**TASK REQUIREMENTS:** Begin the copy at the line containing "Die 2002 im" in the data below and end it at the line containing "Prix unitaire parBlouse", keeping each line exact and leaving out pictures.

**PROVIDED ENTRIES:**
== == ==
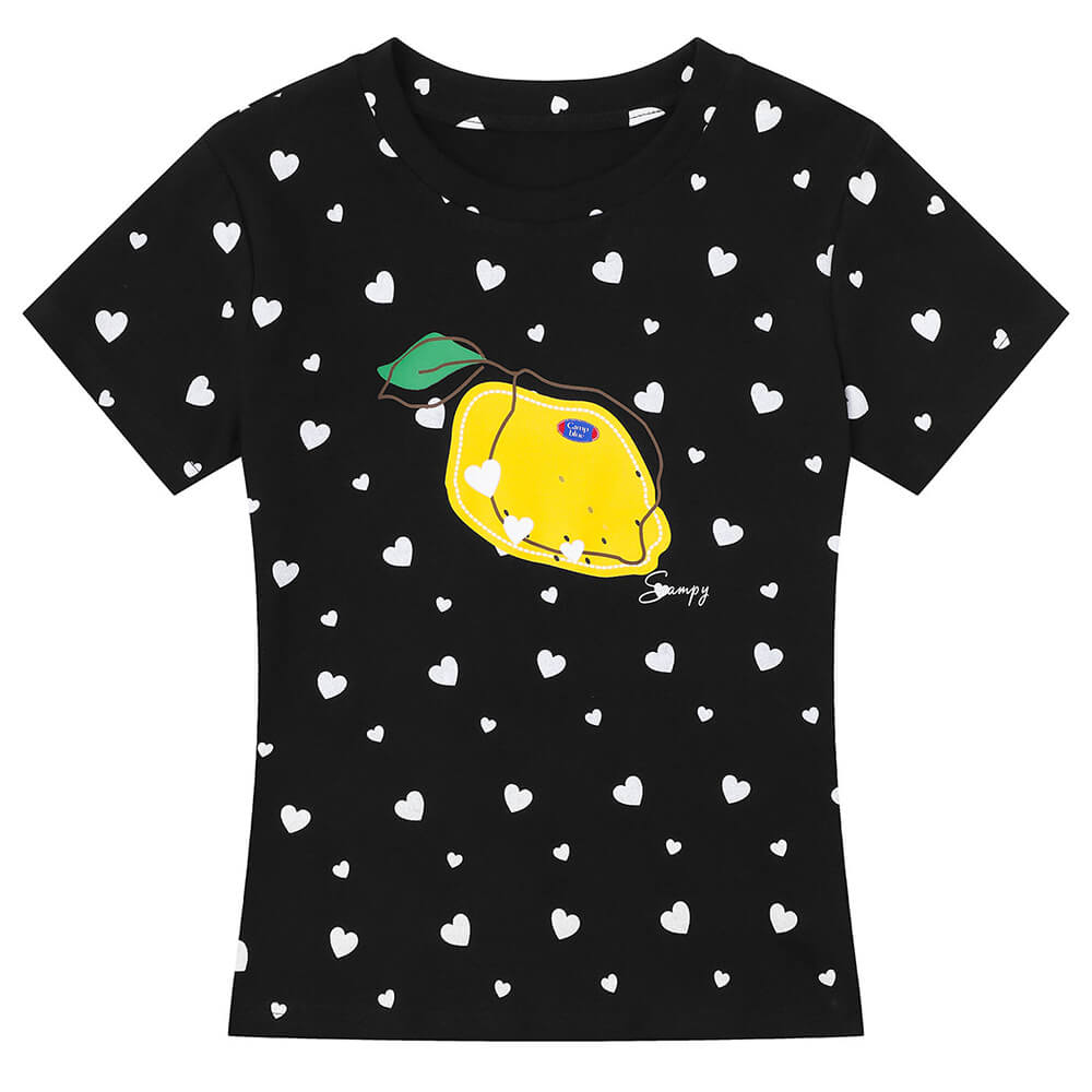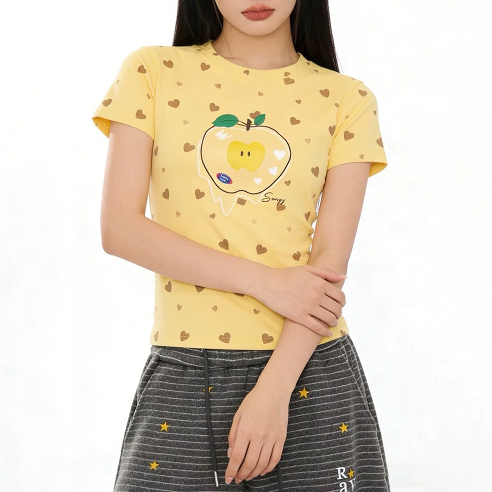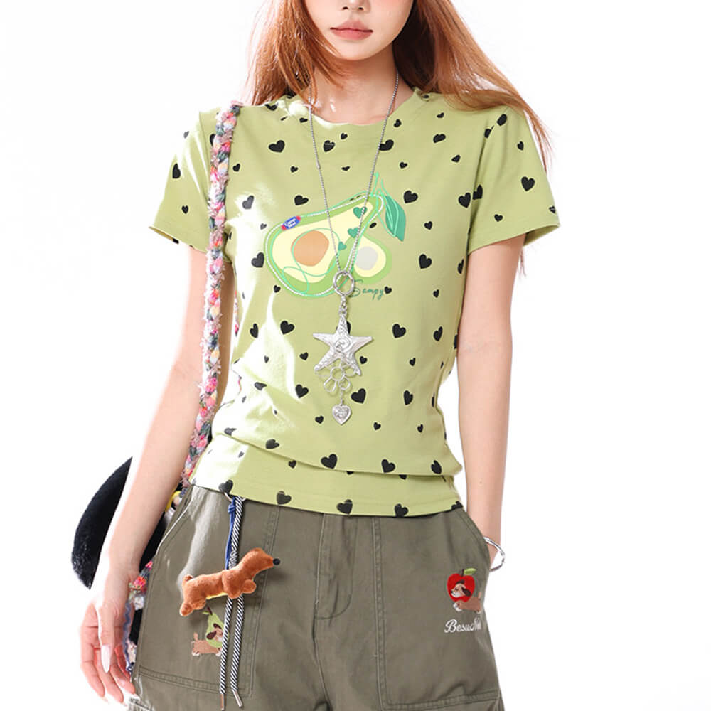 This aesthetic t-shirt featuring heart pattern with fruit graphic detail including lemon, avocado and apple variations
== == ==
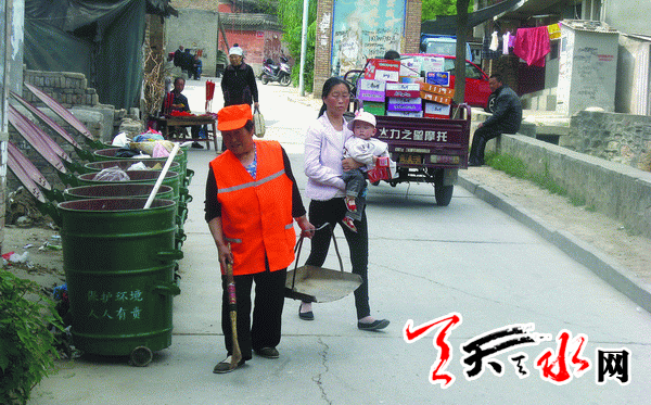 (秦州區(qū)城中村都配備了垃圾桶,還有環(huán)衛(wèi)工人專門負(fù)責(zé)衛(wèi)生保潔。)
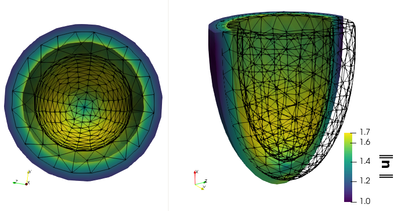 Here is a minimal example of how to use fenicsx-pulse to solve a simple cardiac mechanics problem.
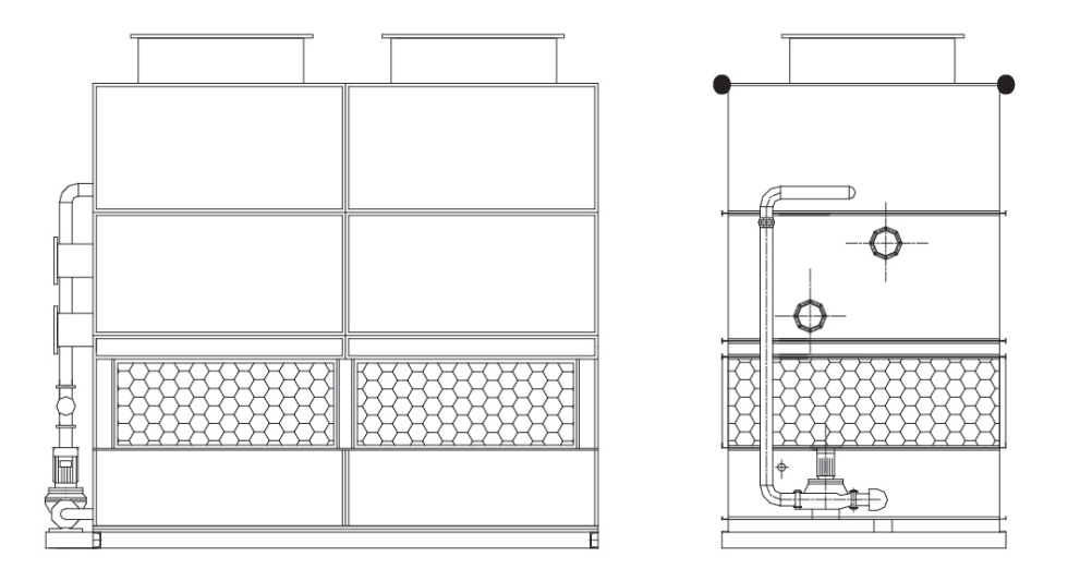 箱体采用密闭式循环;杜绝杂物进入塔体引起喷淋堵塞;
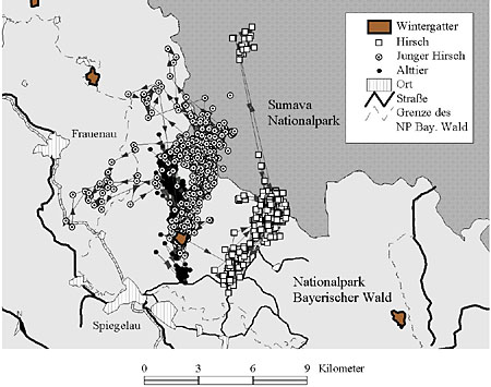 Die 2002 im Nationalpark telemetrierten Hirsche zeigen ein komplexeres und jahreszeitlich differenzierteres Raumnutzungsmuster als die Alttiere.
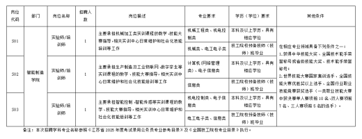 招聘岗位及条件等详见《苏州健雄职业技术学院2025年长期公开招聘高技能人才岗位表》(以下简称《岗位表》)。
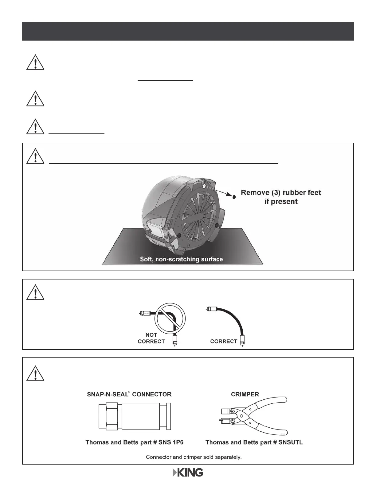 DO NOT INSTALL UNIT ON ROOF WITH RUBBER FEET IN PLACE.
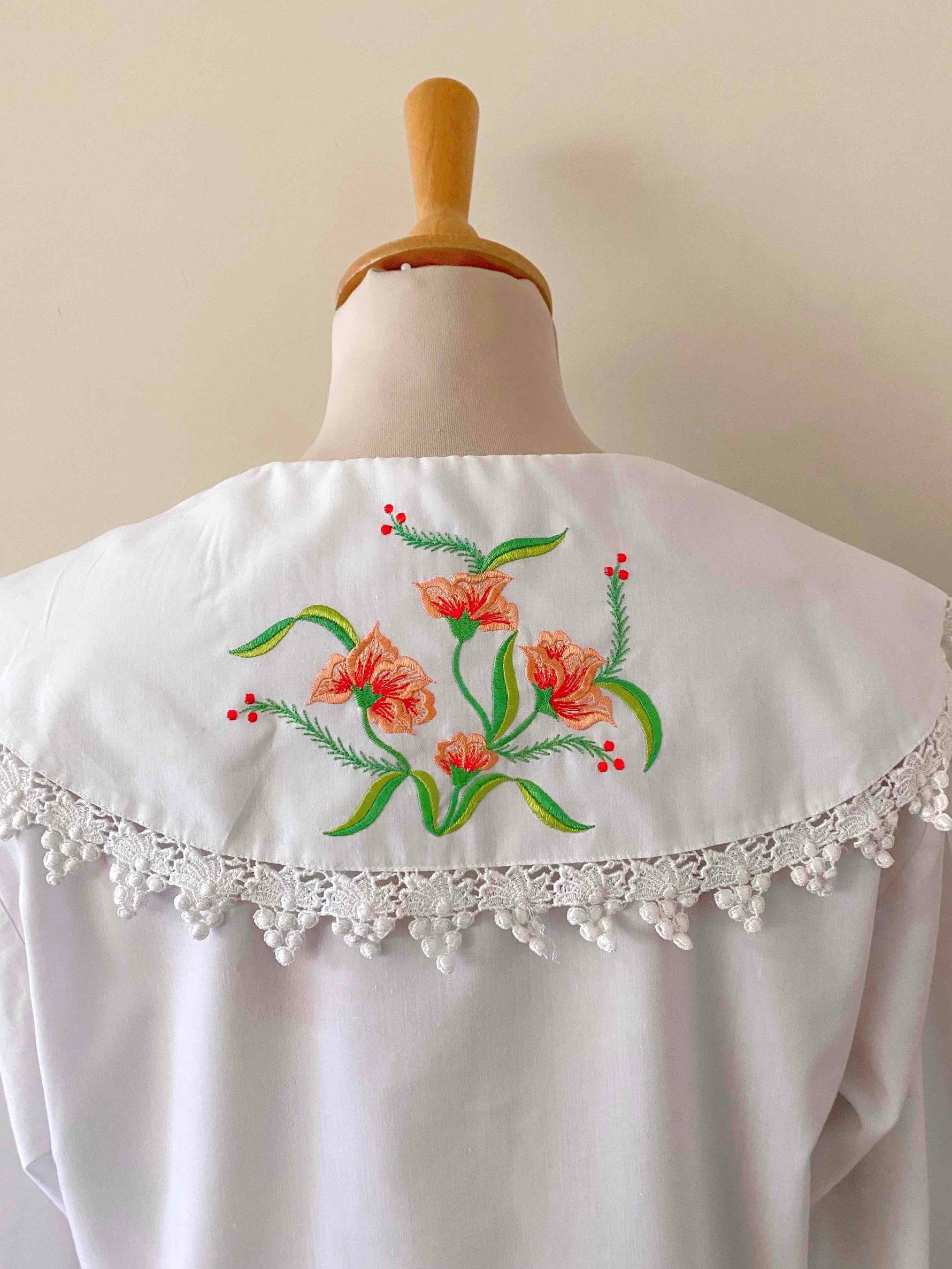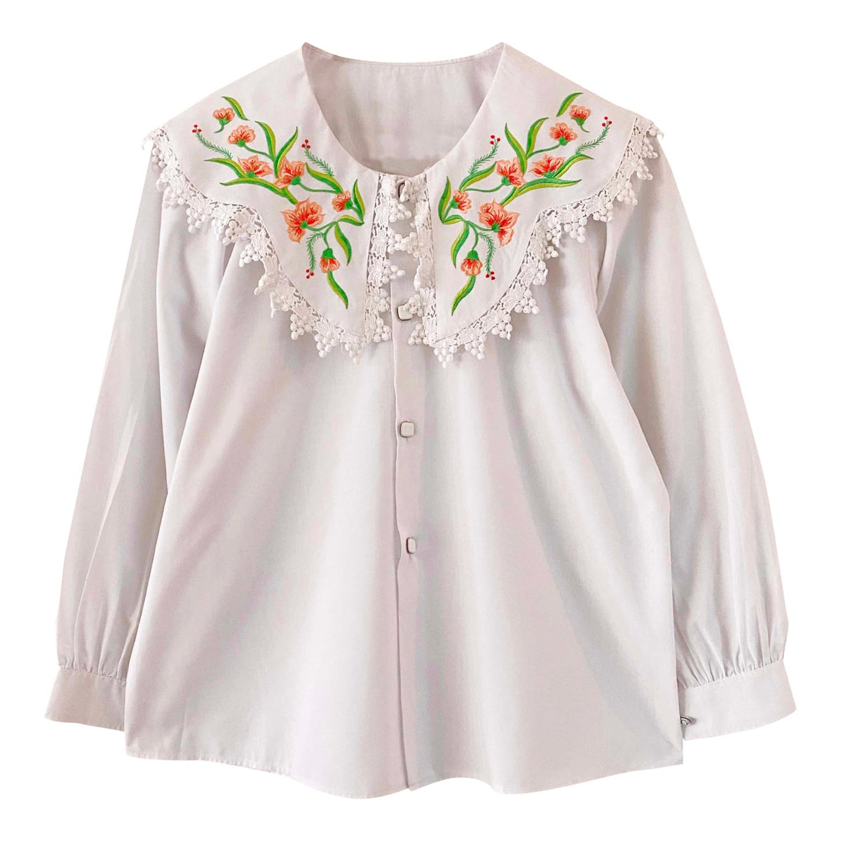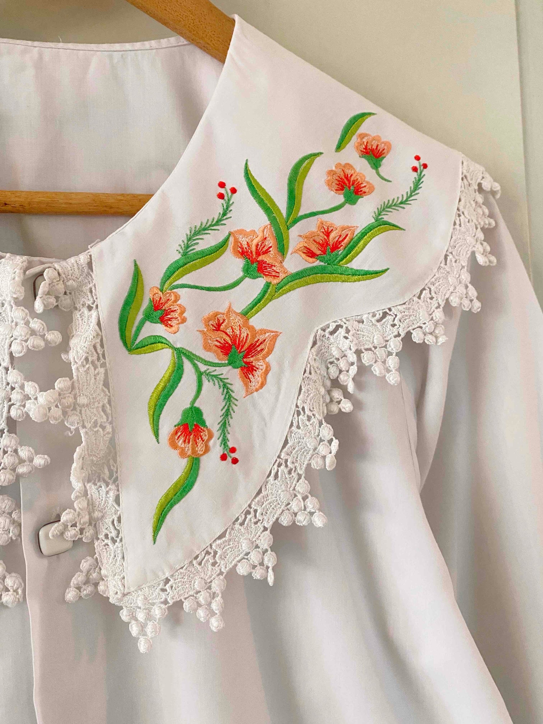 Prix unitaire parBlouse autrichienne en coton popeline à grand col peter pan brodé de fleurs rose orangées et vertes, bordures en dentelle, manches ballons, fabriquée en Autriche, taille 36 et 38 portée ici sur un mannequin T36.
== == ==
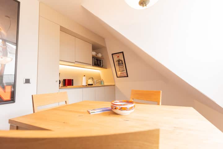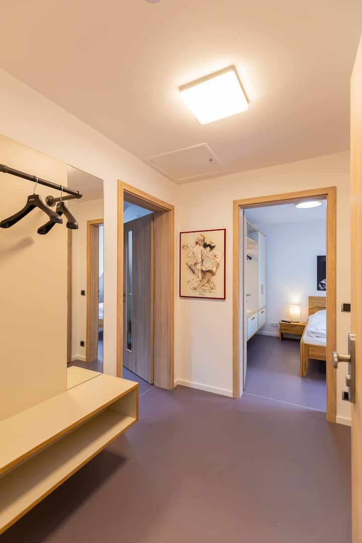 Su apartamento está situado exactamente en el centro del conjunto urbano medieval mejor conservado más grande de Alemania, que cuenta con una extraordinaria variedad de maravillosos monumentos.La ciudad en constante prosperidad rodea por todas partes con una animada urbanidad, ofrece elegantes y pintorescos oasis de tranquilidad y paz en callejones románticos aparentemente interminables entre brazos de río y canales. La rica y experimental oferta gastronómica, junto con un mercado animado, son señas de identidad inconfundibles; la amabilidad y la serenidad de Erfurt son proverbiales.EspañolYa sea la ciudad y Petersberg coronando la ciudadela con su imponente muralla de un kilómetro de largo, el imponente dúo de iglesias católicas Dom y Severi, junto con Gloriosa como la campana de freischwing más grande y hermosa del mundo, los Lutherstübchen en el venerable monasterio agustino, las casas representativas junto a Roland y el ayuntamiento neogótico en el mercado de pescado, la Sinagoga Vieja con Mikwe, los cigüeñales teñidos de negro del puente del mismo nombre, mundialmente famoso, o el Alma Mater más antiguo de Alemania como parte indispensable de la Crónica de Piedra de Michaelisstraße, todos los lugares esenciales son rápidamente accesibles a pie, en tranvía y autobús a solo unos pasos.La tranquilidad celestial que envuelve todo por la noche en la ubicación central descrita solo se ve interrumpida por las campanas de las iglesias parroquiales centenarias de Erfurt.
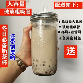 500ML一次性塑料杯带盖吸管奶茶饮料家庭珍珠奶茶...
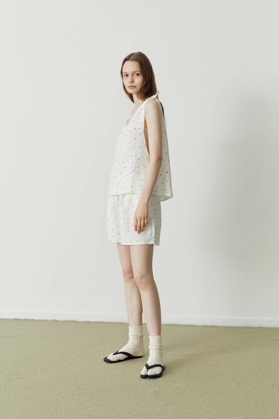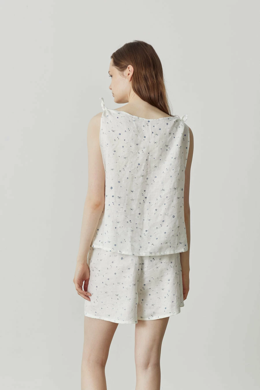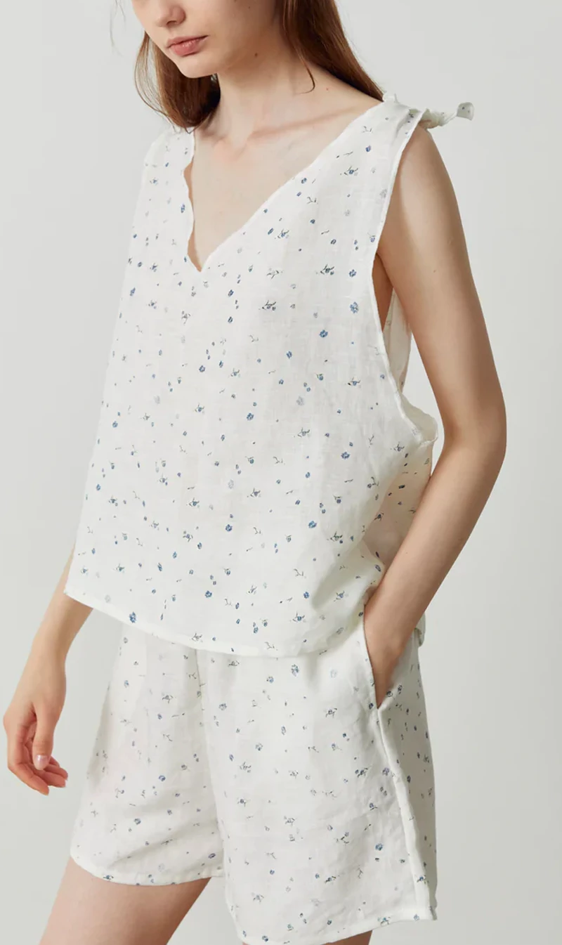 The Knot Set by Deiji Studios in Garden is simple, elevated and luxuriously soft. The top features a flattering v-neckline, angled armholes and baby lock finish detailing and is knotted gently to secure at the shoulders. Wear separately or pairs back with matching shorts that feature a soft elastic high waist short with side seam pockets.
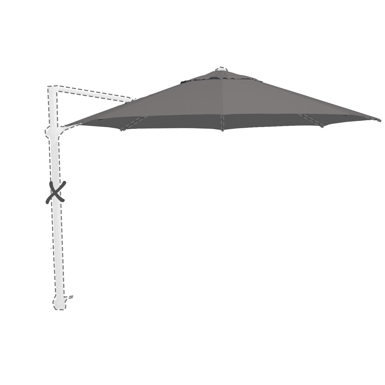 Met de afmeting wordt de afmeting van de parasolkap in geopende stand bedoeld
== == ==
**ANSWER SECTION:**
 Die 2002 im Nationalpark telemetrierten Hirsche zeigen ein komplexeres und jahreszeitlich differenzierteres Raumnutzungsmuster als die Alttiere.
 招聘岗位及条件等详见《苏州健雄职业技术学院2025年长期公开招聘高技能人才岗位表》(以下简称《岗位表》)。
 DO NOT INSTALL UNIT ON ROOF WITH RUBBER FEET IN PLACE.
 Prix unitaire parBlouse autrichienne en coton popeline à grand col peter pan brodé de fleurs rose orangées et vertes, bordures en dentelle, manches ballons, fabriquée en Autriche, taille 36 et 38 portée ici sur un mannequin T36.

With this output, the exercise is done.